**Exercise directions**
Would you please set down, word for word, the lines from the one with "Figure 2. Fortunato" through the final line of the data below, omitting any pictures?

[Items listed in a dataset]
- - - - - - -
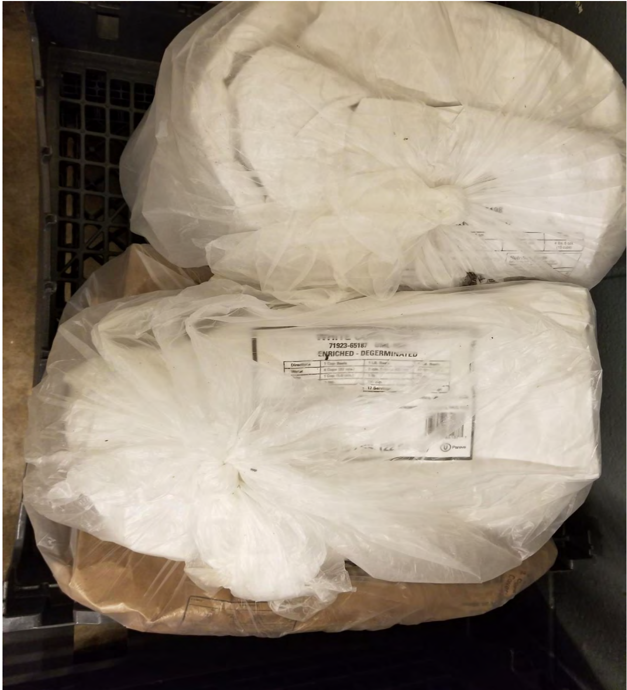
Unit 26 Kitchen Storage Mice droppings inside the bag of grits
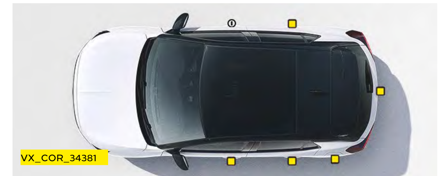
Remote control central locking.
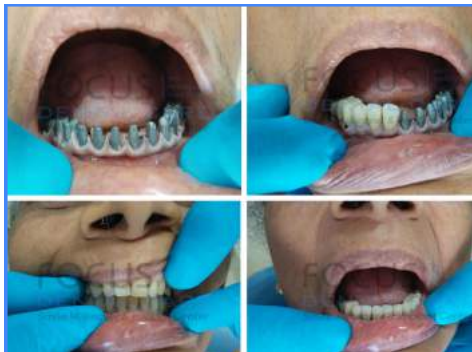
Fixed Implant supported Malo bridge
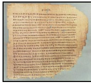
The New Testament (Covenant)

Matthew 26:17-19, 26-28 Now the first day of the feast of unleavened bread the disciples came to Jesus, saying unto him, Where wilt thou that we prepare for thee to eat the passover? (18) And he said, Go into the city to such a man, and say unto him, The Master saith, My time is at hand; I will keep the passover at thy house with my disciples. (19) And the disciples did as Jesus had appointed them; and they made ready the passover. [26] And as they were eating, Jesus took bread, and blessed it , and brake it , and gave it to the disciples, and said, Take, eat; this is my body. (27) And he took the cup, and gave thanks, and gave it to them, saying, Drink ye all of it; (28) For this is my blood of the new testament, which is shed for many for the remission of sins.
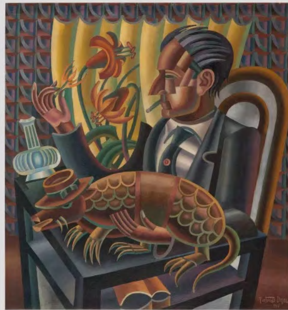
Figure 2. Fortunato Depero, "Gianni e l'armadillo" [Gianni and the Armadillo], 1946. Oil on canvas, 29 1/2 x 27 9/16 in. (75 x 70 cm).
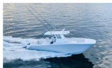
33' Catamaran DEMO Available JAN 2025
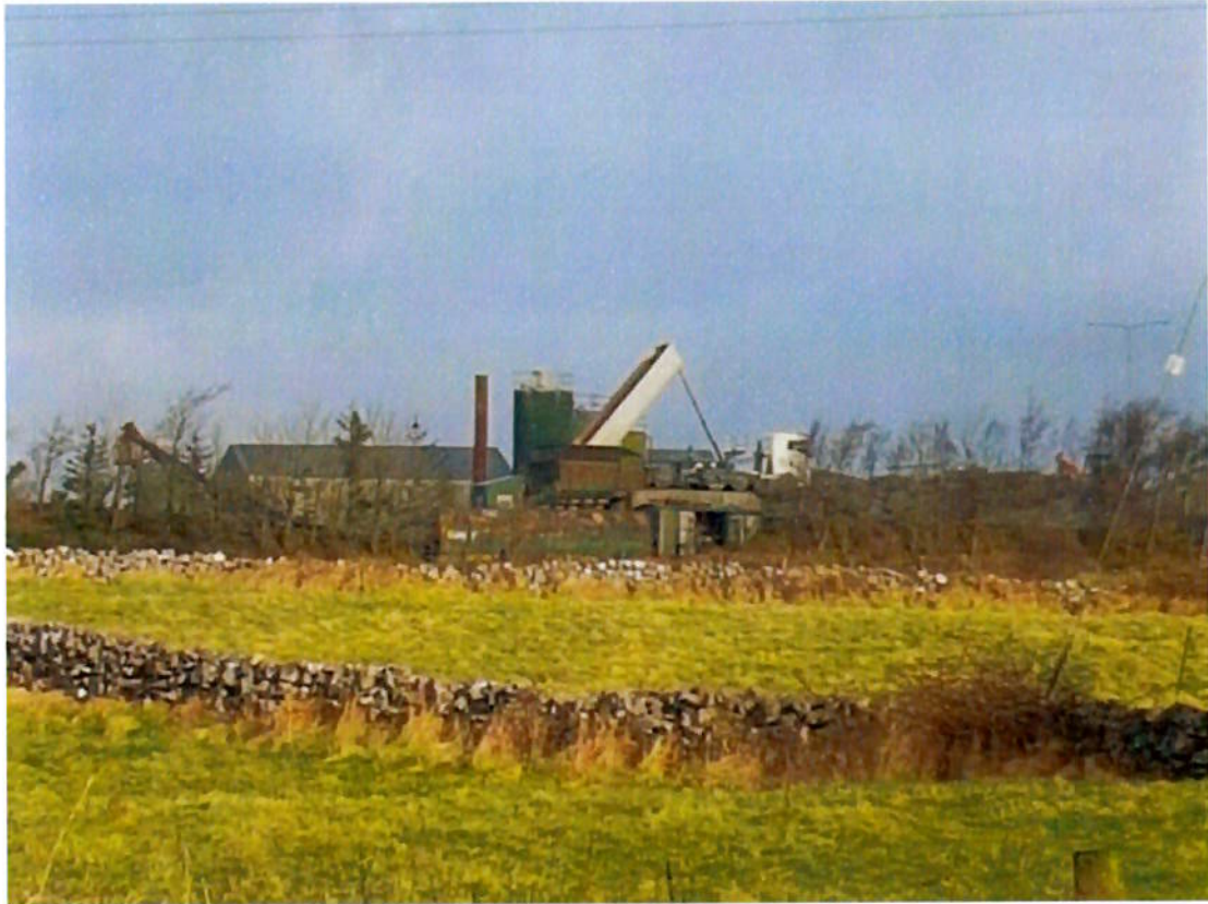
February 2021 – Truck tipping stone into quarry breaker
- - - - - - -
**Output of the task**
Figure 2. Fortunato Depero, "Gianni e l'armadillo" [Gianni and the Armadillo], 1946. Oil on canvas, 29 1/2 x 27 9/16 in. (75 x 70 cm).
33' Catamaran DEMO Available JAN 2025
February 2021 – Truck tipping stone into quarry breaker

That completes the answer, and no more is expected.